Torre del Greco (; ; "Greek man's Tower") is a comune in the Metropolitan City of Naples in Italy, with a population of c. 85,000 . The locals are sometimes called Corallini because of the once plentiful coral in the nearby sea, and because the city has been a major producer of coral jewellery and cameo brooches since the seventeenth century.

History

Ancient period

Tracing the history of Torre del Greco is difficult given the almost complete lack of historical documentary sources. Based on archaeological evidence, in Roman times Torre del Greco was probably a suburb of Herculaneum and, like elsewhere on the Bay of Naples such as at Oplontis and Stabiae, many patrician's villas would have lined the coast. In 79 AD the eruption of Vesuvius buried the area under volcanic ash.

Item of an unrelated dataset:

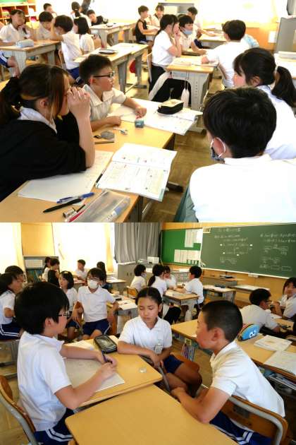 (写真上)5年1組 算数科:小数のかけ算について学習を進めています。問題文をもとにまずは関係図に表し、そこからことばの式で考えていきます。自分の考えをグループ内で伝え合いながら、解く道筋を確認し合っています。

The nearby Roman Villa Sora was a large and sumptuous residence overlooking the sea from its 150m-long frontage, dating from the 1st c. BC, whose excavated remains can be seen today. It was built on multiple levels like the Villa of the Papyri and on the beach below are the remains of a Roman bath complex (Terme Ginnasi) and quays would have been on the shore. It was embellished in the early imperial period and was being renovated in 79 AD probably after the 62 AD earthquake as shown by the piles of lime in some rooms, unfinished precious opus sectile floors made of imported marble and a famous graffito which recorded the cost of the work.

Many exquisite statues and frescos were found here firstly in the Bourbon excavations of the 1700s which are now in the museums such as Naples and the Palermo. Its size and quality implies it belonged to an important figure, possibly of the Imperial family judging by the spectacular frescoes which during the excavations of 1989 the area inspector considered closer to the Neronian Domus Aurea than to Pompeian houses.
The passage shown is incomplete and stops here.